High Speed Politics Needed for Rail in California

[courtesy of California Progress Report]

Robert-Cruickshank.gifBy Robert Cruickshank
California High Speed Rail Blog

High speed rail is an inherently political project. We can - and should - discuss the technological and transportation merits of the plan, defend its purpose, its value, its need. But to make it reality we must navigate the politics of California - never an easy thing no matter what the issue - as we've seen this week.

The main obstacle facing high speed rail is this state's political inertia. For the last 30 years California has slowly but steadily fallen apart as its public services are hollowed out from a lack of investment. Californians don't like $4.50 gas and are flocking to rail travel - but without massive investment this can never become the viable alternative to oil-based travel that we need to stay afloat and economically competitive.

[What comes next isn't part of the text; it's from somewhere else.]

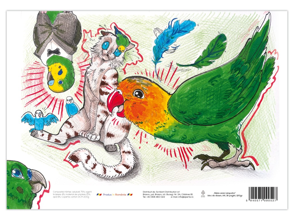 Ilustrația „Niște amici simpatici”, realizată de Nicolescu Mălina, prezintă o pisică singuratică ce își schimbă lumea atunci când întâlnește un grup de papagali plini de energie. Deși la început afecțiunea lor era copleșitoare, treptat descoperă că prietenia poate apărea în cele mai neașteptate forme.

That investment - in rails, in schools, in health care - hasn't been forthcoming despite the obvious need for it because politicians always find it easier to avoid having to solve the state's structural revenue shortfall. The state's media, convinced that the #1 problem facing government is how to keep spending down, certainly doesn't help matters, but state politicians from both parties remain locked in an obsolete view of financial risk, predicated on the belief that anything new, anything that requires a substantial investment, is a bad idea.

Perhaps it is - from their perspective. California politicians like taking the easy way out, using cheap and easy budget "solutions" to kick the state's underlying revenue problem a few years down the road. HSR threatens them because it demands a solution - a spending solution - right now.

This problem is compounded by their inability or unwillingness to accept new realities. I've spent the last two days on California's trains - the Coast Starlight, the Pacific Surfliner, the Metro Red Line. All were packed, no matter the hour of the day. Gas prices are on everyone's mind and virtually everyone I talk to here - conservative, moderate, liberal - agrees on the need for non-oil alternatives.